There’s been a great deal of discussion about RDFa, HTML5, and microdata the last few days, on email lists and elsewhere. I wanted to write down notes of the discussions here, for future reference. Those working issues with RDFa in Drupal 7 should pay particular attention, but the material is relevant to anyone incorporating RDFa.
Shane McCarron released a proposal for RDFa in HTML4, which is based on creating a DTD that extends support for RDFa in HTML4. He does address some issues related to the differences in how certain data is handled in HTML4 and XHTML, but for the most part, his document refers processing issues to the original RDFaSyntax document.
“If the object of a triple would be an XMLLiteral, and the input to the processor is not well-formed [XML]” – I don’t understand what that means in an HTML context. Is it meant to mean something like “the bytes in the HTML file that correspond to the contents of the relevant element could be parsed as well-formed XML (modulo various namespace declaration issues)”? If so, that seems impossible to implement. The input to the RDFa processor will most likely be a DOM, possibly manipulated by the DOM APIs rather than coming straight from an HTML parser, so it may never have had a byte representation at all.
There’s a lively little sub-thread related to this one issue, but the one response I’ll focus on is Shane, who replied, RDFa does not pre-suppose a processing model in which there is a DOM. The issue of xml:lang is also still under discussion, but I want to move on to new issues.
While the discussion related to Shane’s document was ongoing, Philip released his own first look at RDFa in HTML5. Concern was immediately expressed about Philip’s copying of some of Shane’s material, in order to create a new processing rule section. The concern wasn’t because of any issue to do with copyright, but the problems that can occur when you have two sets of processing rules for the same data and the same underlying data model. No matter how careful you are, at some point the two are likely to diverge, and the underlying data model corrupted.
Rather than spend time on Philip’s specification directly at this time, I want to focus, instead, on a note he attached to the email entry providing the link to the spec proposal. In it he wrote:
There are several unresolved design issues (e.g. handling of case-sensitivity, use of xmlns:* vs other mechanisms that cause fewer problems, etc) – I haven’t intended to make any decisions on such issues, I’ve just attempted to define the behaviour with sufficient detail that it should make those issues visible.

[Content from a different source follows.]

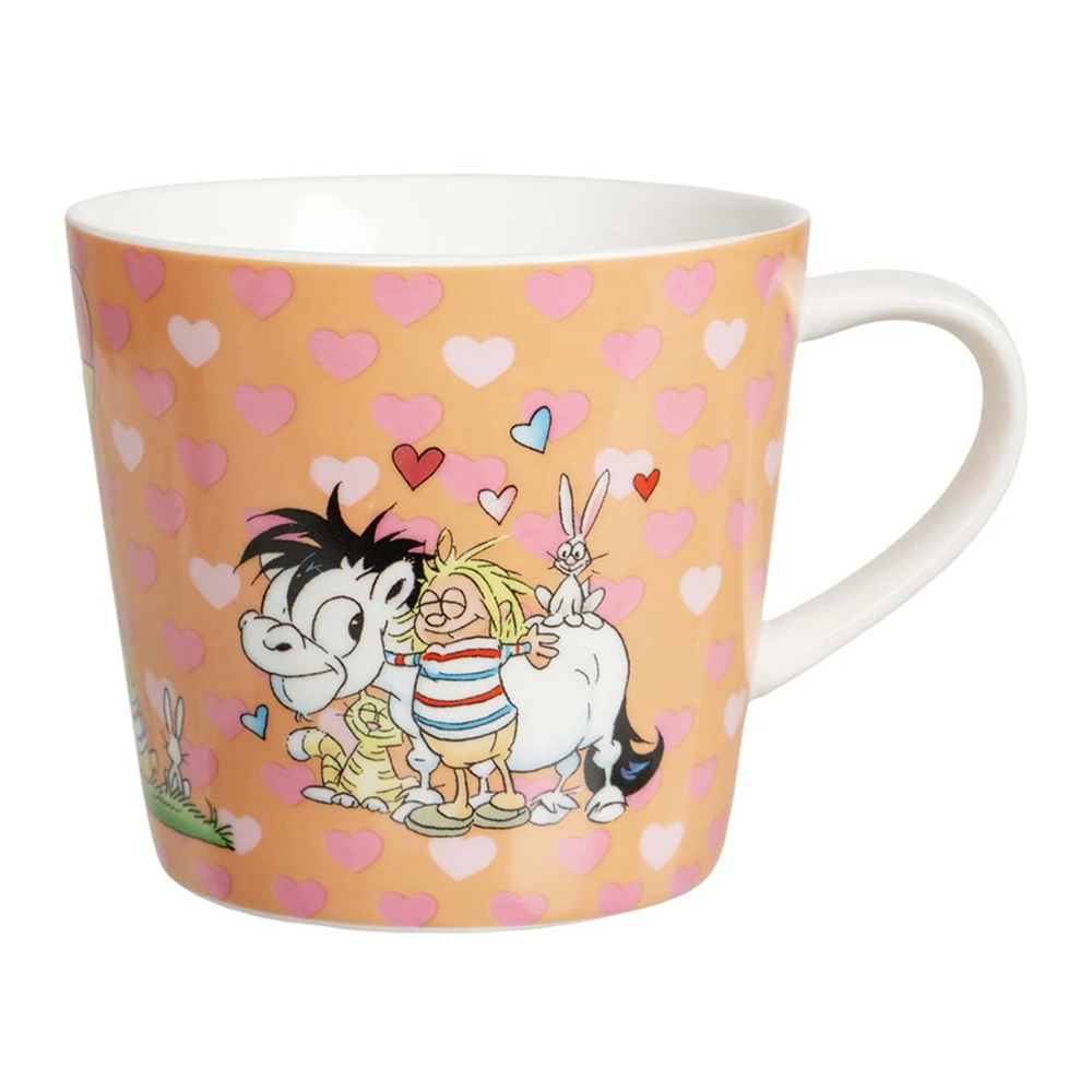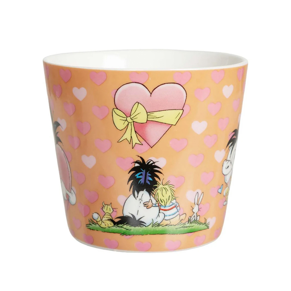 Lena Furbergin kuvittama ystävänpäivämuki, jonka tilavuus on 3,5 dl. Mukin kyljissä rakastettu Polle halaa pehmosydäntä ja hän viettää aikaa yhdessä ystävien kanssa. Taustalla on pieniä vaaleanpunaisia sydämiä. Kestää konepesun ja lämmityksen mikrossa sekä uunissa.

More on case sensitivity in a moment.
Discussion started a little more slowly for Philip’s document, but is ongoing. In addition, both Philip and Manu Sporney released test suites. Philip’s is focused on highlighting problems when parsing RDFa in HTML as compared to XHTML; The one that Manu posted, created by Shane, focused on a basic set of test cases for RDFa, generally, but migrated into the RDFa in HTML4 document space.
<!DOCTYPE HTML PUBLIC "-//ApTest//DTD HTML4+RDFa 1.0//EN" "http://www3.aptest.com/standards/DTD/html4-rdfa-1.dtd">
Author: <span property="dc:creator t:apple T:banana">Albert Einstein</span>
<h2 property="dc:title">E = mc<sup>2</sup>: The Most Urgent Problem of Our Time</h2>
Notice the two namespace declarations, one for “t” and one for “T”. Both are used to provide properties for the object being described in the document: t:apple and T:banana. Parsing the document with a RDFa application that applies XML rules, treats the namespaces, “t” and “T” as two different namespaces. It has no problem with the RDFa annotation.
Returning to the discussion, there is some back and forth on how to handle case sensitivity issues related to HTML, with suggestions varying as widely as: tossing the RDFa in XHTML spec out and creating a new one; tossing RDFa out in favor of Microdata; creating a best practices document that details the problem and provides appropriate warnings; creating a new RDFa in HTML document (or modifying existing profile document) specifying that all conforming applications must treat prefix names as case insensitive in HTML, (possibly cross-referencing the RDFa in XHTML document, which allows case sensitive prefixes). I am not in favor of the first two options. I do favor the latter two options, though I think the best practices document should strongly recommend using lowercase prefix names, and definitely not using two prefixes that differ only by case. During the discussion, a new conforming RDFa test case was proposed that tests based on case. This has now started its own discussion.
I think the problem of case and namespace prefixes (not to mention xmlns as compared to XMLNS) is very much an edge issue, not a show stopper. However, until a solution is formalized, be aware that xmlns prefix case is handled differently in XHTML and HTML. Since all things are equal, consider using lowercase prefixes, only, when embedding RDFa (or any other namespace-based functionality). In addition, do not use XMLNS. Ever. If not for yourself, do it for the kittens.
Speaking of RDFa in HTML issues, there is now a new RDFa in HTML issues wiki page. Knock yourselves out.
updateA new version of the RDFa in HTML4 profile has been released. It addresses a some of the concerns expressed earlier, including the issue of case and XMLLiteral. Though HTML5 doesn’t support DTDs, as HTML4 does, the conformance rules should still be good for HTML5.